Test nie mógł być dużo prostszy — a Facebook nadal nie powiódł się. Facebook i jego spółka macierzysta Meta po raz kolejny wypadli w teście, jak dobrze potrafią wykryć mowę nienawiści w oczywisty sposób zawierającą przemoc w reklamach przesłanych na platformę przez organizacje non-profit Global Witness i Foxglove.

Nienawistne wiadomości koncentrowały się na Etiopii, gdzie wewnętrzne dokumenty uzyskane przez demaskatora Frances Haugen wykazały, że nieskuteczna moderacja Facebooka „dosłownie podsyca przemoc etniczną”, jak powiedziała w swoim zeznaniu przed Kongresem w 2021 roku. W marcu Global Witness przeprowadził podobny test z mową nienawiści w Myanmarze, którego Facebook również nie wykrył.

Grupa stworzyła 12 reklam tekstowych, które wykorzystywały odczłowieczającą mowę nienawiści, by nawoływać do mordowania ludzi należących do każdej z trzech głównych grup etnicznych Etiopii – Amhara, Oromo i Tigrayans. Systemy Facebooka zatwierdziły reklamy do publikacji, tak samo jak zrobiły to z reklamami Myanmaru. Reklamy w rzeczywistości nie były publikowane na Facebooku.

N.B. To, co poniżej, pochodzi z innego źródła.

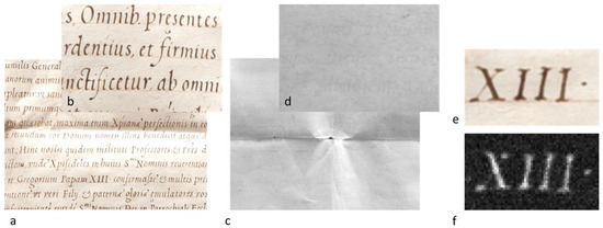- Perino, M.; Pronti, L.; Moffa, C.; Rosellini, M.; Felici, A.C. New Frontiers in the Digital Restoration of Hidden Texts in Manuscripts: A Review of the Technical Approaches. Heritage 2024, 7, 683–696. [Google Scholar] [CrossRef]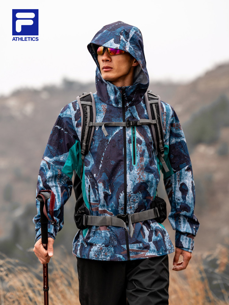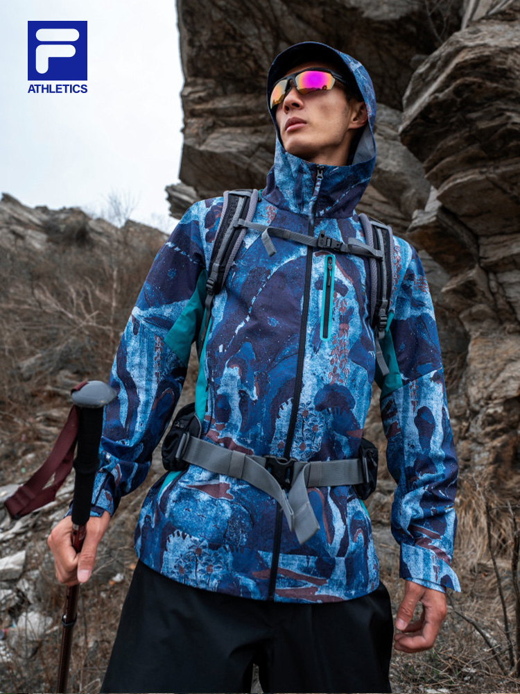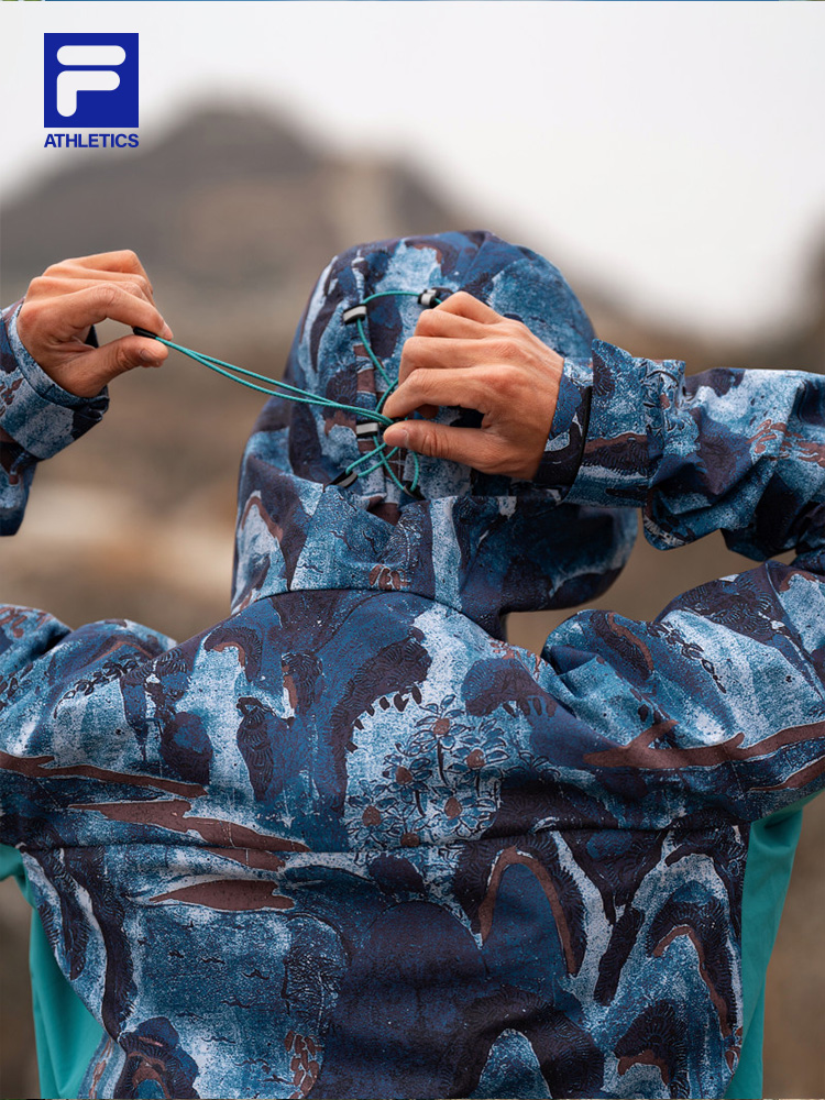 整身图案是提取敦煌元素的壁画,作为灵感来源;户外专属防护帽沿和马蹄袖口,为户外出行保驾护航;帽子后使用特殊的线绳设计,可以根据自身需求调节松紧度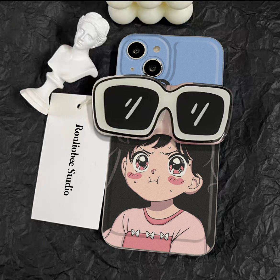 Casing ponsel perempuan lucu untuk Apple 14promax iPhone13 kartun 12 Anime 11 braket kacamata xr transparan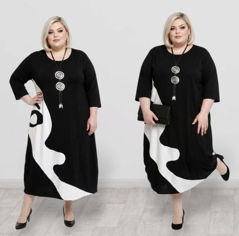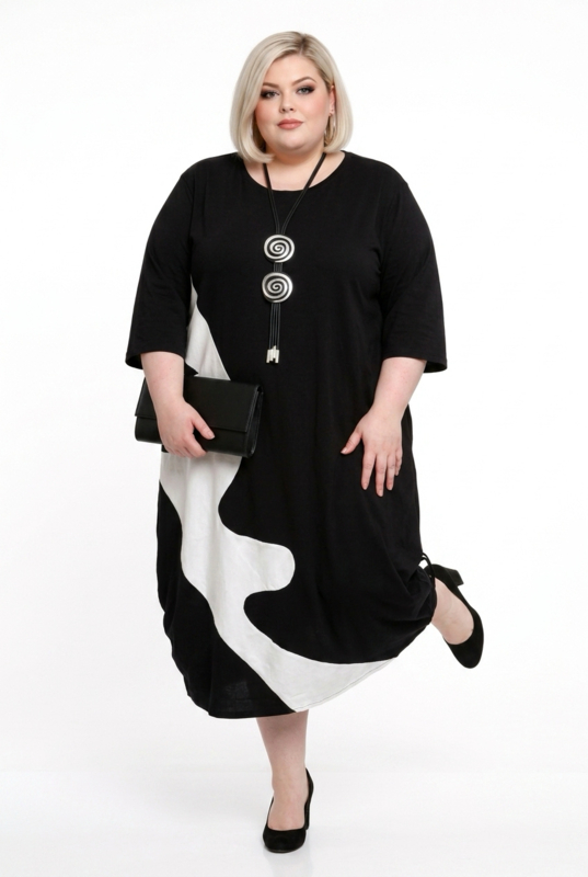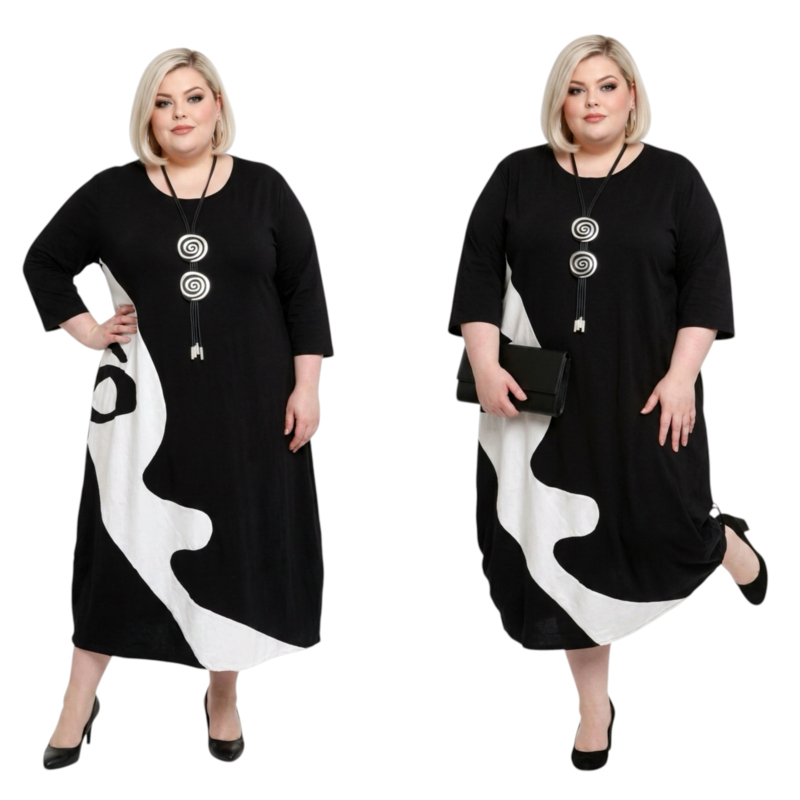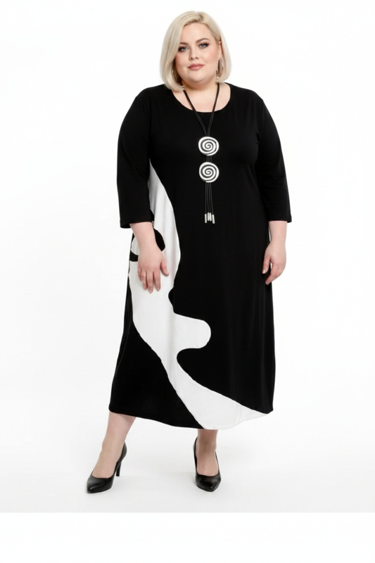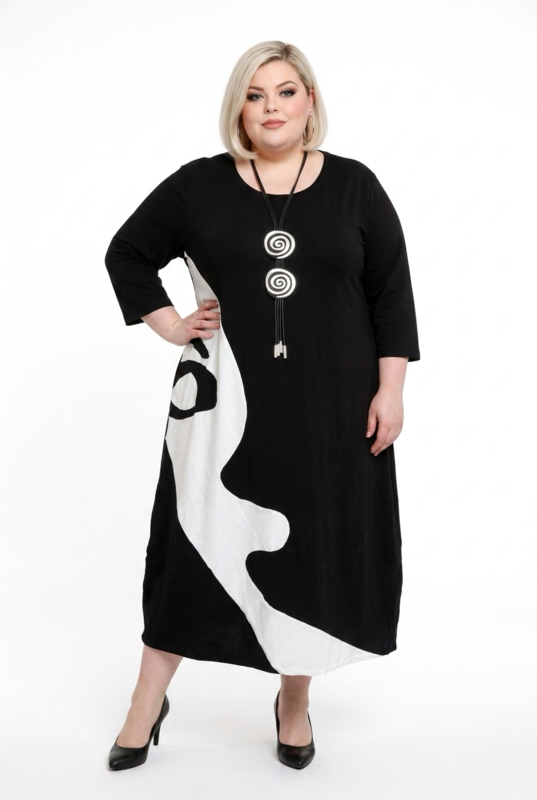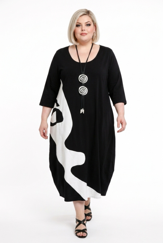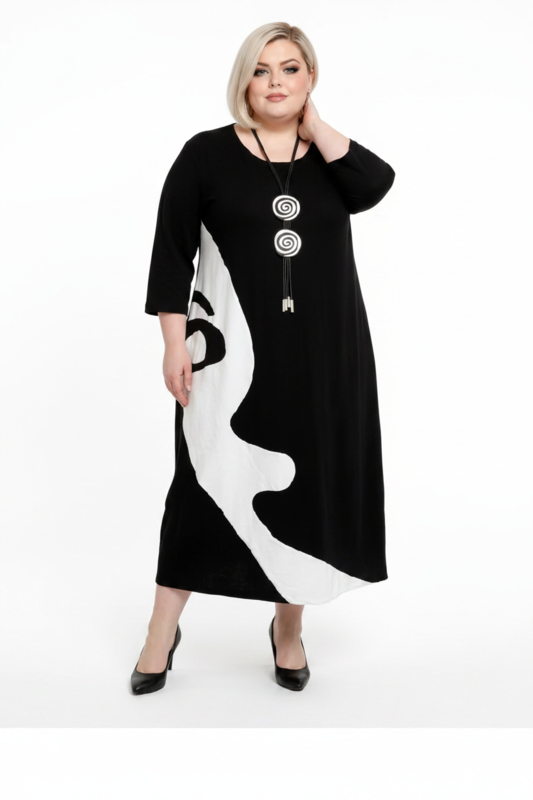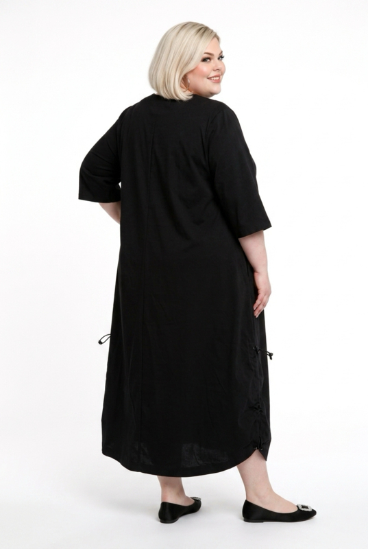 KEKOO design katoen A-lijn jurk zwart/lichtgrijs stretch

Tym razem jednak grupa poinformowała Metę o niewykrytych naruszeniach. Firma stwierdziła, że ​​reklamy nie powinny były zostać zatwierdzone i zwróciła uwagę na pracę, jaką wykonała, aby złapać nienawistne treści na swoich platformach.

Tydzień po otrzymaniu wiadomości od Meta firma Global Witness przesłała do zatwierdzenia jeszcze dwie reklamy, ponownie zawierające rażącą mowę nienawiści. Zatwierdzono dwie reklamy napisane w języku amharskim, najczęściej używanym w Etiopii.

Meta powiedział, że reklamy nie powinny były zostać zatwierdzone.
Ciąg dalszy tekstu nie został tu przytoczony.